From the first line of the data down to and including the line with "Live your popstar", copy everything exactly, leaving out pictures.

= = = = = = =

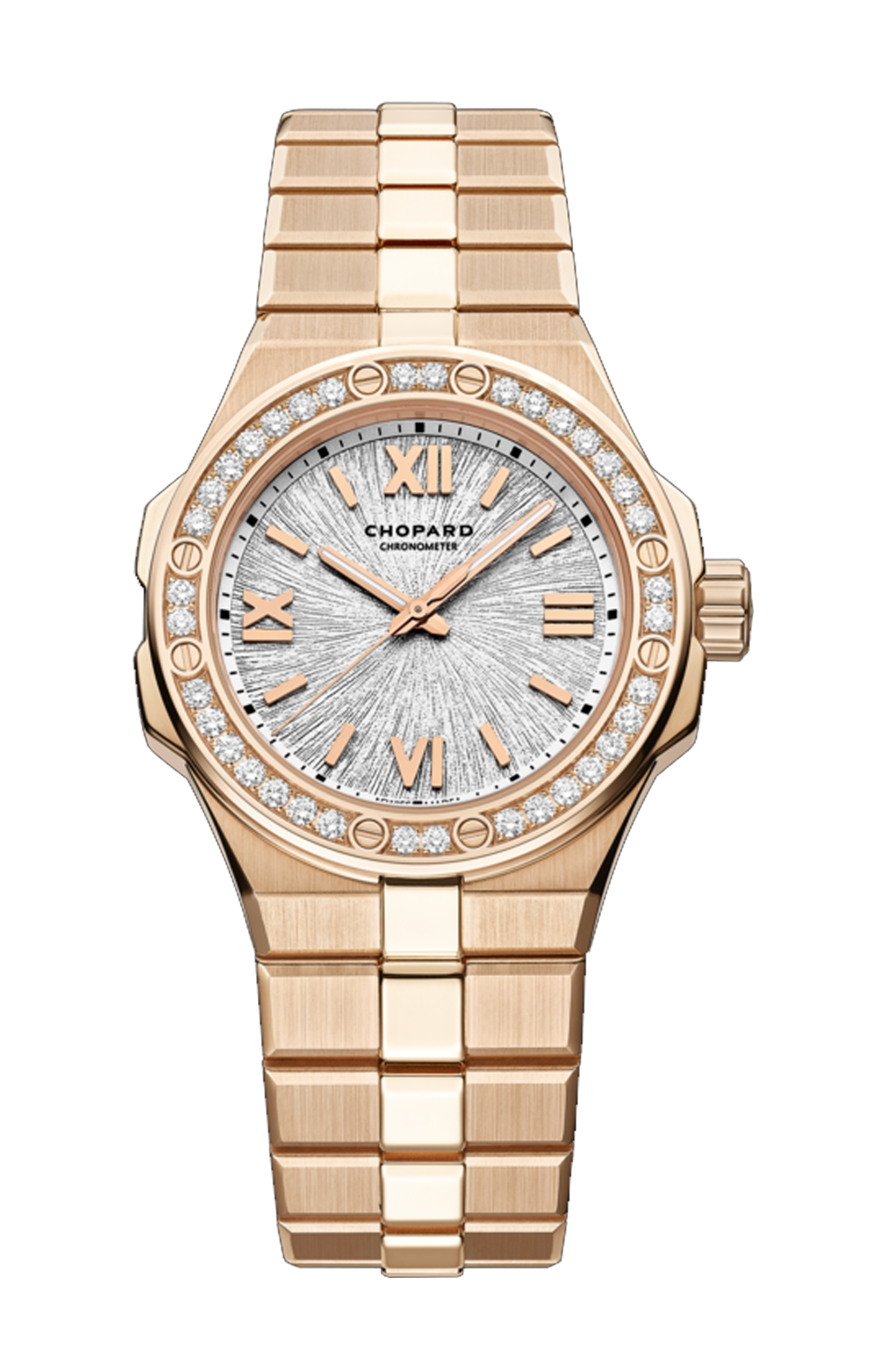 La nuova collezione di orologi Sporty-Chic Alpine Eagle, contemporanea, raffinata e dal look deciso, è l’odierna reinterpretazione del St Moritz, la prima creazione elaborata nel 1980 da Karl-Friedrich Scheufele, oggi co-presidente della Maison Chopard. Alpine Eagle, progettato e disegnato da quest’ultimo, concentra tutta la passione per le Alpi e per l’aquila che, con la sua forza altera, regna suprema su queste vette. L’orologio realizzato in oro etico rosa 18 carati batte al ritmo di un movimento con certificato di cronometria. Alpine Eagle è destinato alle “aquile contemporanee”, quegli uomini ispiratori che seguono una visione e raggiungono qualunque obiettivo nella vita quotidiana. Con lungimiranza e determinazione, raccolgono le sfide di domani, mossi dalle stringenti problematiche ambientali.
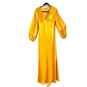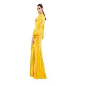 NWT Mac Duggal Dresses Mac Duggal Puffed Long Sleeve Satin Gown in Marigold Size
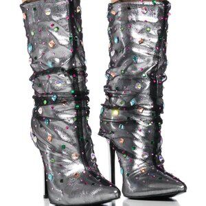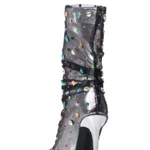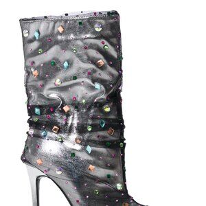 Live your popstar fantasy irl in The AZALEA WANG Liora Silver Gem Bootie. These metallic booties feature a faux leather fabrication, a ruched tulle overlay, a pointed toe silhouette, a mid-calf height shaft, a pull-on fit, and a stiletto heel. Complete with multicolor gemstone accents throughout.
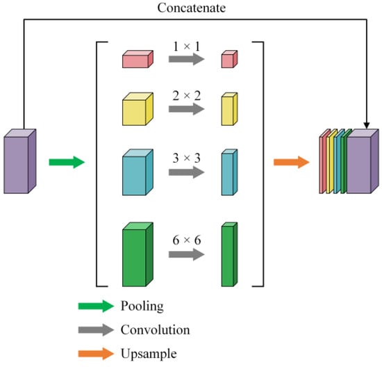 3. Multiscale Information Fusion Module: Finally, the feature map enters the “Multiscale Information Fusion Module” (MSIF), which enhances the model’s ability to capture global contextual information at multiple scales. The MSIF module employs adaptive average pooling at four scales (1 × 1, 2 × 2, 3 × 3, and 6 × 6) to capture hierarchical contextual patterns. Each pooled feature map is then processed by a 1 × 1 convolutional layer for channel reduction before upsampling. These pooled feature maps are passed through convolutional layers to adjust the number of channels, ensuring that each feature map, regardless of its scale, has a consistent channel count. Afterward, the pooled feature maps are upsampled using bilinear interpolation to match the spatial dimensions of the original input feature map. The upsampled feature maps are then concatenated along the channel dimension, producing a multiscale feature map that integrates contextual information from all scales. This process enables the model to extract and fuse global contextual information, improving its understanding of the image at different levels of detail. The overall structure of the MSIF module is shown in Figure 7.
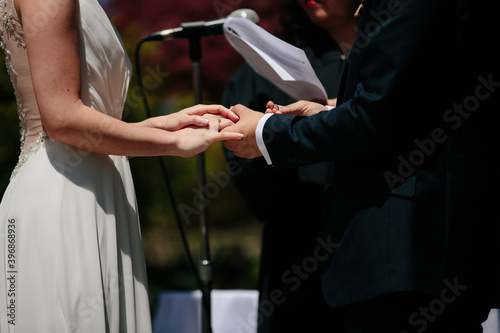 bride holding groom's hand during wedding ceremony
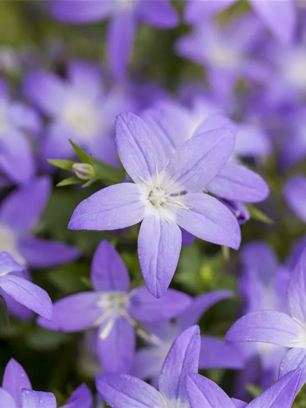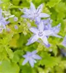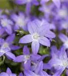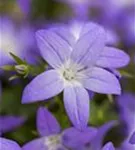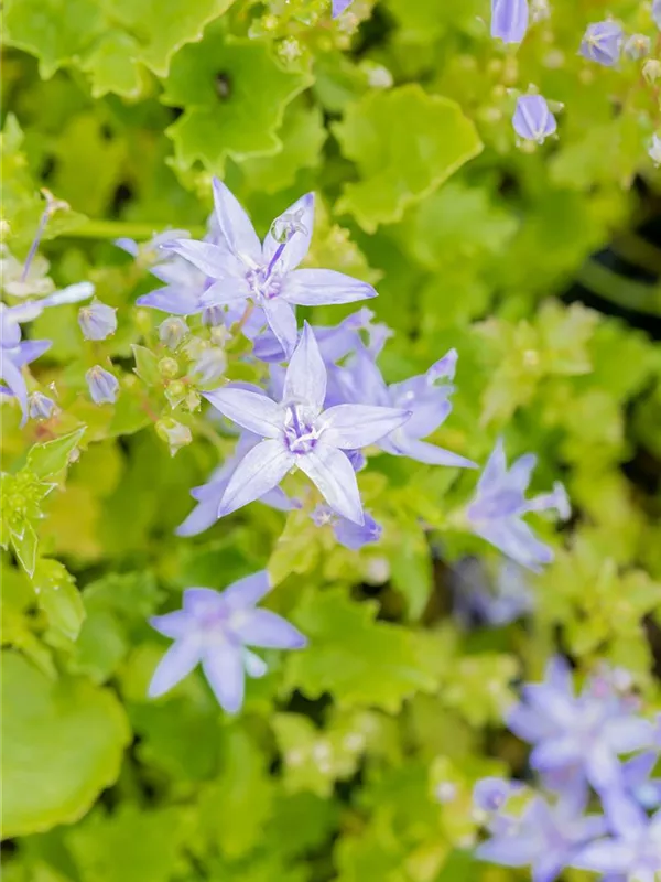 Campanula garganica bildet glockenförmige, sternförmige, blaue Blüten ab Juni.

= = = = = = =

#### SOLUTION
 La nuova collezione di orologi Sporty-Chic Alpine Eagle, contemporanea, raffinata e dal look deciso, è l’odierna reinterpretazione del St Moritz, la prima creazione elaborata nel 1980 da Karl-Friedrich Scheufele, oggi co-presidente della Maison Chopard. Alpine Eagle, progettato e disegnato da quest’ultimo, concentra tutta la passione per le Alpi e per l’aquila che, con la sua forza altera, regna suprema su queste vette. L’orologio realizzato in oro etico rosa 18 carati batte al ritmo di un movimento con certificato di cronometria. Alpine Eagle è destinato alle “aquile contemporanee”, quegli uomini ispiratori che seguono una visione e raggiungono qualunque obiettivo nella vita quotidiana. Con lungimiranza e determinazione, raccolgono le sfide di domani, mossi dalle stringenti problematiche ambientali.
 NWT Mac Duggal Dresses Mac Duggal Puffed Long Sleeve Satin Gown in Marigold Size
 Live your popstar fantasy irl in The AZALEA WANG Liora Silver Gem Bootie. These metallic booties feature a faux leather fabrication, a ruched tulle overlay, a pointed toe silhouette, a mid-calf height shaft, a pull-on fit, and a stiletto heel. Complete with multicolor gemstone accents throughout.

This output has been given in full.